ACTIVITY: In the records below, repeat exactly the lines between the line holding "Orange & Ivory" and the line holding "Domenica 11 dicembre", inclusive, and drop the pictures.

DATA RECORDS:
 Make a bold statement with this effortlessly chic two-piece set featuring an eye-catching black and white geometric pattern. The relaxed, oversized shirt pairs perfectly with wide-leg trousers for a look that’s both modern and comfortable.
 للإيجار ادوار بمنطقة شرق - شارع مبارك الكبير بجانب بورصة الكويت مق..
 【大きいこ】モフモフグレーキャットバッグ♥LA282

* * *

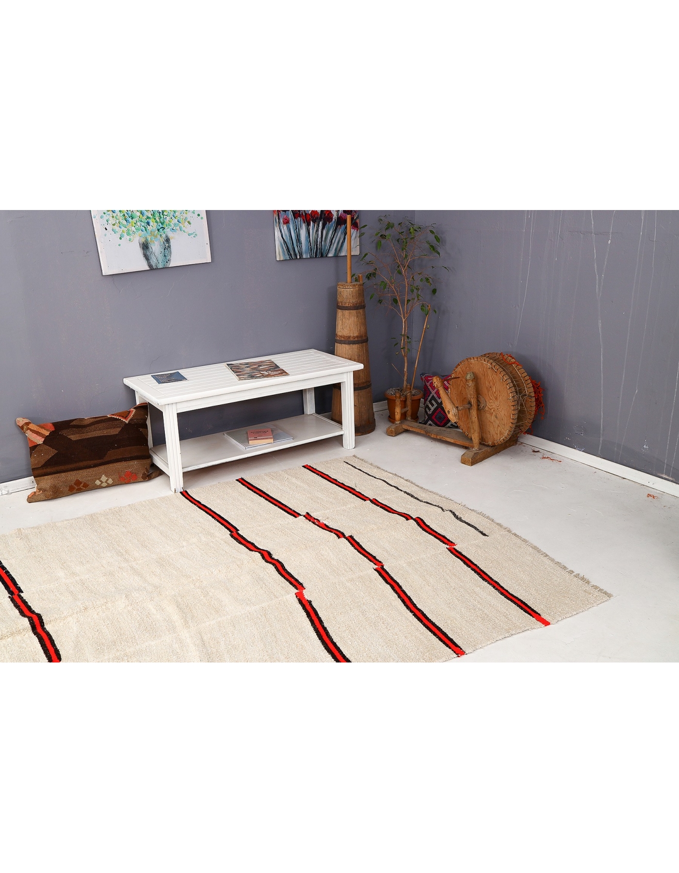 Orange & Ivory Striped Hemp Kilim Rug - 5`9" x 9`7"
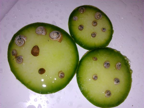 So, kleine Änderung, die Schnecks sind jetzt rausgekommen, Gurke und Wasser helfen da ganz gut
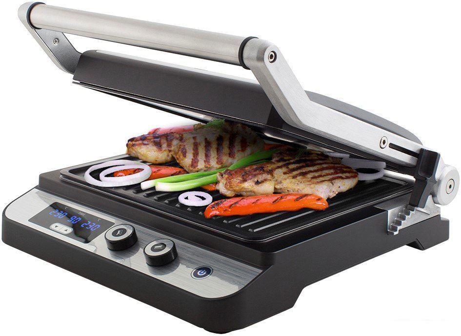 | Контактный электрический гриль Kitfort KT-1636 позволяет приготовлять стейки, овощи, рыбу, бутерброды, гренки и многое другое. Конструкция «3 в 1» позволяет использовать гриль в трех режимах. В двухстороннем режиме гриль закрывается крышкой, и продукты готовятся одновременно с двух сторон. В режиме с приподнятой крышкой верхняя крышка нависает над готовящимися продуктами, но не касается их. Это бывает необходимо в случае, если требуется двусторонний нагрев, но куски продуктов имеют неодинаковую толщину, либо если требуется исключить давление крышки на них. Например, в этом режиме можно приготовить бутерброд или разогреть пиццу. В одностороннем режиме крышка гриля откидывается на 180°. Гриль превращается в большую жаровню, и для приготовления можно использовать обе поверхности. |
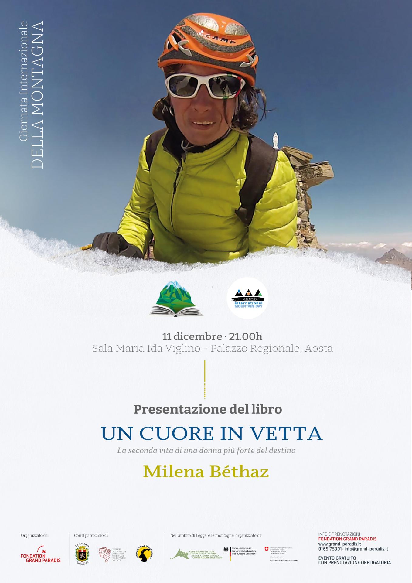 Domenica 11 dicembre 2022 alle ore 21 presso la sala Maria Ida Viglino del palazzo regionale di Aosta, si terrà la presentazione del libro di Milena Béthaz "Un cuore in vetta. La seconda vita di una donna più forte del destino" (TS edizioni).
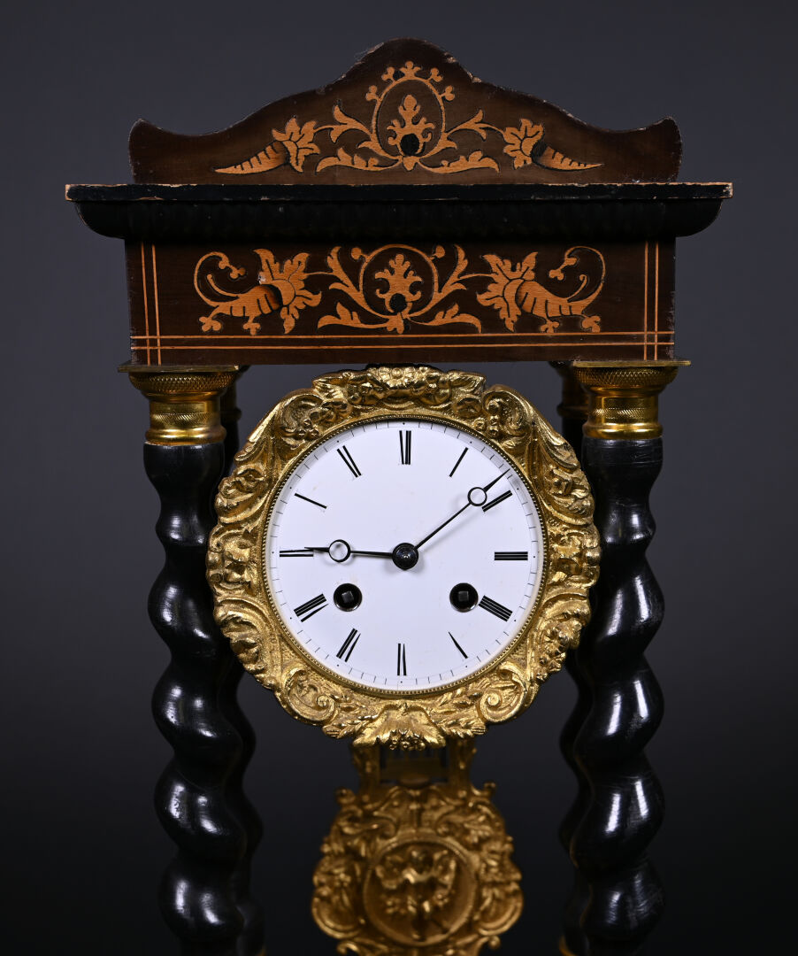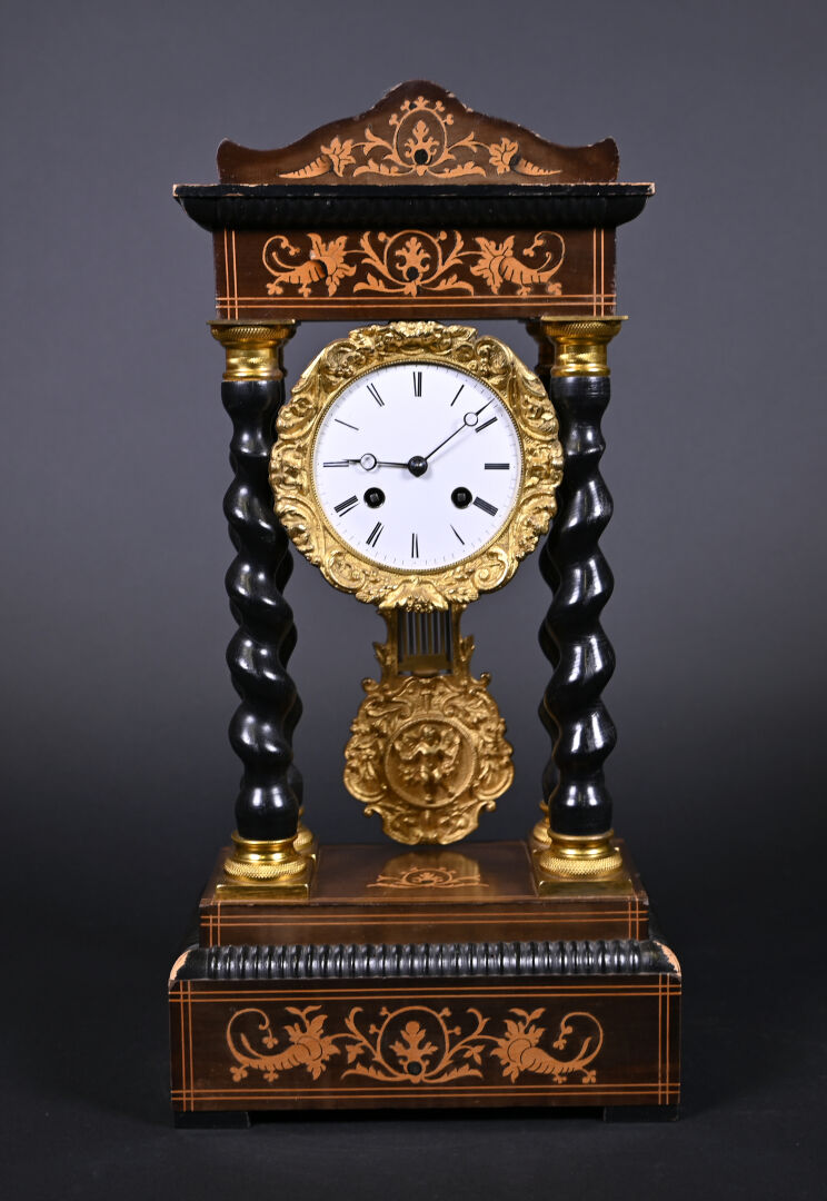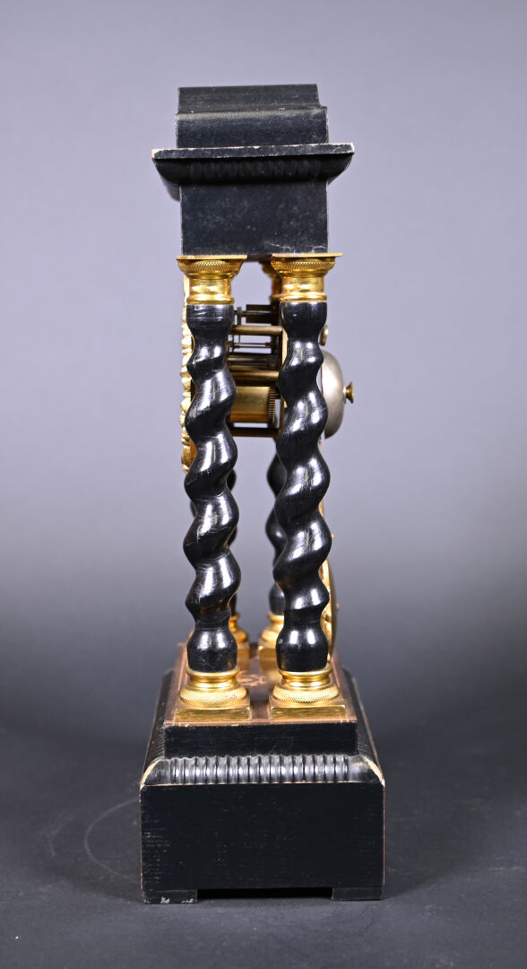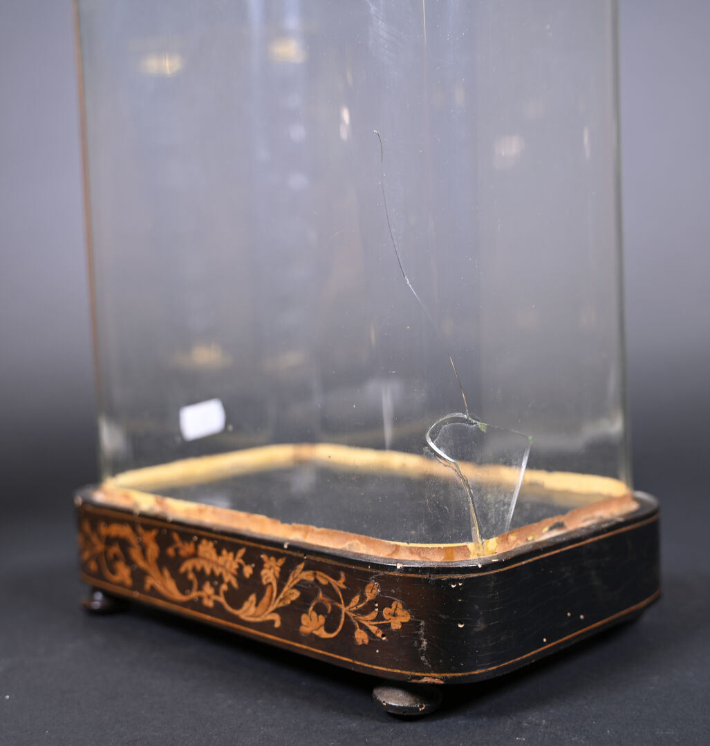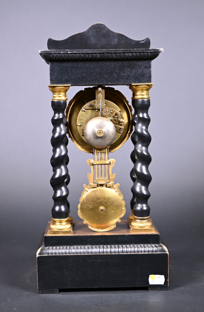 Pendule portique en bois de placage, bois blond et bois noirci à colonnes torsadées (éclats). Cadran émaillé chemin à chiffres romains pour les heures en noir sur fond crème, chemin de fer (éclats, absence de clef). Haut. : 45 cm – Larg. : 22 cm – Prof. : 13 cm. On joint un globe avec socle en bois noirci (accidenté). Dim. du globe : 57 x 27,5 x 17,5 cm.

SOLUTION:
 Orange & Ivory Striped Hemp Kilim Rug - 5`9" x 9`7"
 So, kleine Änderung, die Schnecks sind jetzt rausgekommen, Gurke und Wasser helfen da ganz gut
 | Контактный электрический гриль Kitfort KT-1636 позволяет приготовлять стейки, овощи, рыбу, бутерброды, гренки и многое другое. Конструкция «3 в 1» позволяет использовать гриль в трех режимах. В двухстороннем режиме гриль закрывается крышкой, и продукты готовятся одновременно с двух сторон. В режиме с приподнятой крышкой верхняя крышка нависает над готовящимися продуктами, но не касается их. Это бывает необходимо в случае, если требуется двусторонний нагрев, но куски продуктов имеют неодинаковую толщину, либо если требуется исключить давление крышки на них. Например, в этом режиме можно приготовить бутерброд или разогреть пиццу. В одностороннем режиме крышка гриля откидывается на 180°. Гриль превращается в большую жаровню, и для приготовления можно использовать обе поверхности. |
 Domenica 11 dicembre 2022 alle ore 21 presso la sala Maria Ida Viglino del palazzo regionale di Aosta, si terrà la presentazione del libro di Milena Béthaz "Un cuore in vetta. La seconda vita di una donna più forte del destino" (TS edizioni).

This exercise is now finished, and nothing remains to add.